Libération, mercredi 19 mai 2021, p. 8
(légende de la photo, crédits Nasser Nasser/AP)
Le sens vient à la réalité comme il vient aux images : par métonymie et par synecdoque – en l’occurrence, l’objet pour la propriété dont il est support. Voyant un homme jeune sur fond de feux, on comprend qu’il se défend (buste oblique prêt à reculer avec souplesse, bras gauche en défense), qu’il contre-attaque (bras droit prêt à projeter on ne sait quoi, ne serait-ce qu’une pierre – geste emblématiquement sauvage, celui du David biblique terrassant Goliath), sa vulnérabilité puissante (bras nus, muscles fuselés et apparents), la destruction et le chaos (gravats, fumée, rue jonchée de pneus, vide des piétons habituels, où l’on distingue d’autres « guérilleros », et un drapeau palestinien).
Il nous parvient parce que toute image réussie porte une hypotypose (par des détails, on produit un effet de réel et on place le destinataire comme devant la réalité même). Ici l’ensemble recule devant des éléments saillants : l’homme est isolé sur un vaste fond gris ; le flou fond le décor et fait ressortir, çà et là, gravats, colonnes de fumée hautes comme les immeubles qu’on voit à peine, corps exposés. La prise de vue livre quelques mètres à parcourir à découvert. Comme si, à l’instar du protagoniste, nous devions mettre notre vie en péril.

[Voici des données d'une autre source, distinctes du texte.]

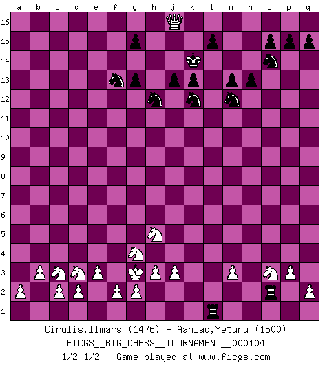 Last move : 1/2-1/2 2016 October 30 19:33:2 [Event "FICGS__BIG_CHESS__TOURNAMENT__000104"] [Site "FICGS"] [Date "2016.06.22"] [Round "1"] [White "Cirulis,Ilmars"] [Black "Aahlad,Yeturu"] [Result "1/2-1/2"] [WhiteElo "1476"] [BlackElo "1500"] 1.b2-b3 m15-m13 2.c1-a3 k16-l14 3.p2-p3 j15-k13 4.o1-q3 h16-o10 5.h2-g4 o10-o2 6.m1-o1 o2-l5 7.o1-o5 l5-l2 8.p1-o3 d15-d13 9.j2-k4 l2-c10 10.o5-c5 c10-k10 11.q3-c16 e16-c16 12.g1-f3 h15-g13 13.m2-m3 l16-o13 14.l1-p5 k10-a1 15.b1-c3 a1-e1 16.f3-e1 n15-n13 17.c5-a5 o16-a3 18.a5-a3 e15-e13 19.h1-n6 b16-c14 20.q1-l1 g16-f14 21.a3-a7 f16-b12 22.e2-e3 p16-o14 23.f1-d3 o13-d3 24.e1-d3 m16-m14 25.n6-p6 q16-p16 26.p5-g13 h14-g13 27.p6-f15 j16-h15 28.a7-h7 k13-h12 29.f15-j12 f14-h13 30.h7-f7 c16-f16 31.f7-f16 a16-f16 32.l1-l9 f16-f10 33.j12-d7 c14-d12 34.k4-h5 h13-k12 35.l9-b9 a15-a13 36.d7-c7 f10-c10 37.c7-e7 c10-e10 38.e7-c7 c15-c13 39.b9-g9 h15-h14 40.k1-l3 p16-f16 41.c7-g3 f16-f10 42.g4-f6 f10-g10 43.g9-g10 e10-g10 44.g3-h2 l14-m12 45.f6-g4 m14-l14 46.h2-d6 j14-j13 47.d6-o6 l14-l10 48.o6-p7 l10-p10 49.p7-q7 k15-k13 50.q7-l7 g10-l10 51.l7-e13 b12-l3 52.k2-l3 l10-l3 53.e13-d13 p10-k10 54.d13-c13 l3-l1 55.j1-h2 k10-k2 56.h2-g3 d12-f13 57.c13-b14 h14-h13 58.b14-b15 k2-n2 59.b15-f15 h13-g12 60.f15-c12 g12-h13 61.c12-e10 h13-h14 62.e10-a14 h14-h13 63.a14-a13 n2-o2 64.a13-a6 h13-h14 65.a6-a14 h14-h13 66.a14-e10 h13-h14 67.e10-e14 h14-h13 68.e14-e16 h13-j14 69.e16-j16 j14-k14 70.j16-k16 k14-l14 71.k16-j16 l14-k14 1/2-1/2 Follow this game move after move (download)I play correspondence chess because it is both art and science while chess is art only. (A player at FICGS) Bobby Fischer ist kein Vorbild für die heutige Jugend. (Viktor Kortschnoi) Yo no le temo a Spassky. Todos saben que yo soy el mejor. Uno no necesita un torneo para probarlo. (Bobby Fischer) La victoire dans une partie d'Echecs appartient la plupart du temps à celui qui voit un peu plus loin que l'adversaire. (Lasker) Luck never made a man wise. (Seneca, Letters to Lucilius)

Car l’hypotypose s’accompagne d’une proposition d’empathie avec le manifestant. Cette image est efficace parce qu’elle est esthétique et séduit. L’antithèse entre la simplicité de la mise (casquette, pull sur les hanches, t-shirt jaune roulé en une écharpe qui n’est pas le traditionnel keffieh qu’arbore derrière un autre homme) et la beauté satinée de ces bras dénudés n’y est sans doute pas pour peu. Le cadrage, les contrastes, la prédominance des formes rondes, les fumées sombres comme des nuées, évoquent dialogiquement les peintures romantiques d’orages. La palette des couleurs et la disposition des volumes sont les mêmes que dans Le Radeau de la Méduse. Par cette discrète allusion, la synecdoque de ce manifestant pour tous les Palestiniens, ainsi que sa métaphore pour les autres résistances des faibles, passent à une dimension symbolique en devenant allégoriques.